Recorded data
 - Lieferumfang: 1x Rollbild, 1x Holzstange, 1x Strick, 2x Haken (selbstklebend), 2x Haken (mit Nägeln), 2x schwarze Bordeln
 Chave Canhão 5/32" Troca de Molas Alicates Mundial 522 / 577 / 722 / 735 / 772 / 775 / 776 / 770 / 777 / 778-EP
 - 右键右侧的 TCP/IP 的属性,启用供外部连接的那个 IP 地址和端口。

* * *

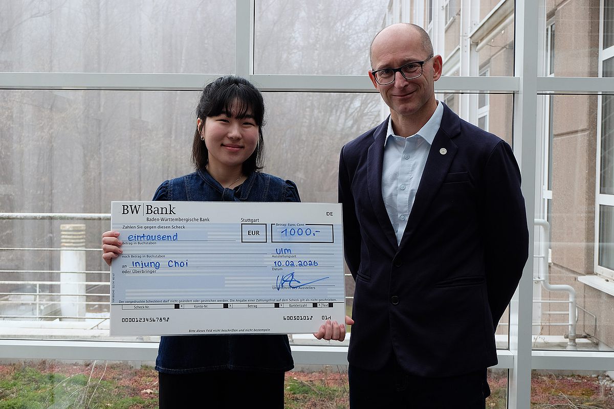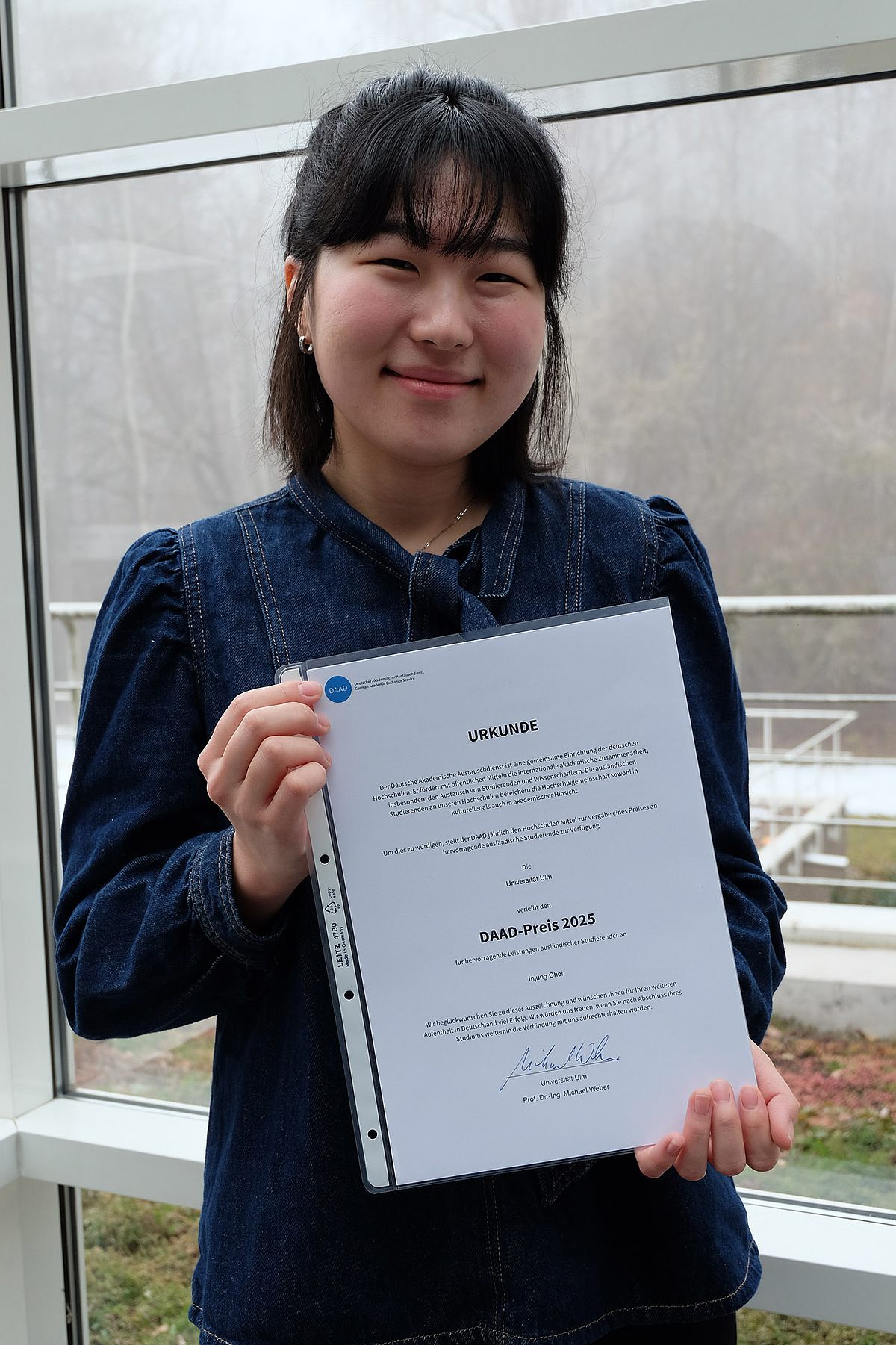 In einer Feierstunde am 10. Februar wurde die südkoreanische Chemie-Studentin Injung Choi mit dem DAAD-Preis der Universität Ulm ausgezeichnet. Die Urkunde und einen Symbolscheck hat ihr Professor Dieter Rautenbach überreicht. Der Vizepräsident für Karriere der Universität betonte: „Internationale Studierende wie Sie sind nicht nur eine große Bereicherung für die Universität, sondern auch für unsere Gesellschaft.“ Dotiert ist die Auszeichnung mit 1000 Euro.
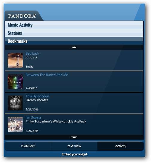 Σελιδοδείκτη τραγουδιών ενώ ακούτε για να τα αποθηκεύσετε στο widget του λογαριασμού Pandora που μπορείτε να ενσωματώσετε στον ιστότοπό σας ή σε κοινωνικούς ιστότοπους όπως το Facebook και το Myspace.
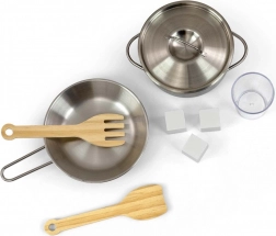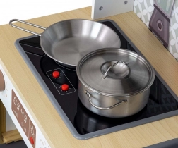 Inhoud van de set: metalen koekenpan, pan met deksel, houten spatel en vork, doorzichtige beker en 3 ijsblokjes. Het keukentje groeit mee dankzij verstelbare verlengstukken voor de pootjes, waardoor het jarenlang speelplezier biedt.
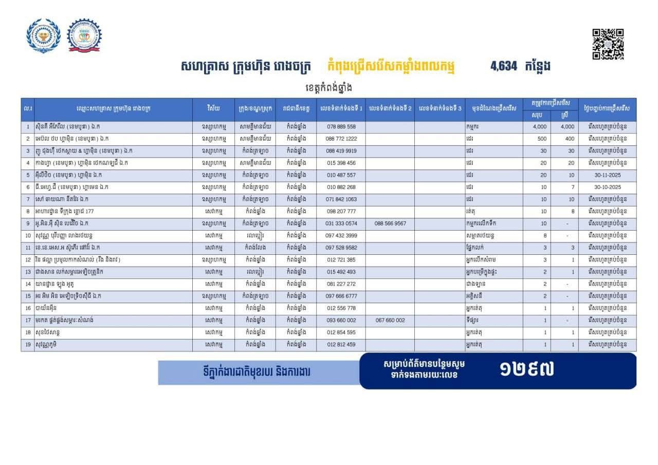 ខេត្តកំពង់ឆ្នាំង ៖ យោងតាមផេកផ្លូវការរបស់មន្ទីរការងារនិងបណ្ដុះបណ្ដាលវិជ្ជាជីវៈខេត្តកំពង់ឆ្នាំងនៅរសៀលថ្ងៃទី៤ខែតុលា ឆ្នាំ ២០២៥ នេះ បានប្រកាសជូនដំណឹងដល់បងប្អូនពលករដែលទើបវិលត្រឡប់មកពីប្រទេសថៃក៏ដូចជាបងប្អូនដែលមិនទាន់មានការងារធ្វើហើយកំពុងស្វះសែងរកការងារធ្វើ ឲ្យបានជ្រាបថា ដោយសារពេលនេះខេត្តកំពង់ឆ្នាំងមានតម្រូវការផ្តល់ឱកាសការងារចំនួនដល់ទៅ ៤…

Work instructions
Return only the stretch of the material above from the line holding "- Lieferumfang: 1x" through the line holding "- 右键右侧的 TCP/IP 的属性,启用供外部连接的那个 IP 地址和端口。", copied exactly.

Solution for this task
 - Lieferumfang: 1x Rollbild, 1x Holzstange, 1x Strick, 2x Haken (selbstklebend), 2x Haken (mit Nägeln), 2x schwarze Bordeln
 Chave Canhão 5/32" Troca de Molas Alicates Mundial 522 / 577 / 722 / 735 / 772 / 775 / 776 / 770 / 777 / 778-EP
 - 右键右侧的 TCP/IP 的属性,启用供外部连接的那个 IP 地址和端口。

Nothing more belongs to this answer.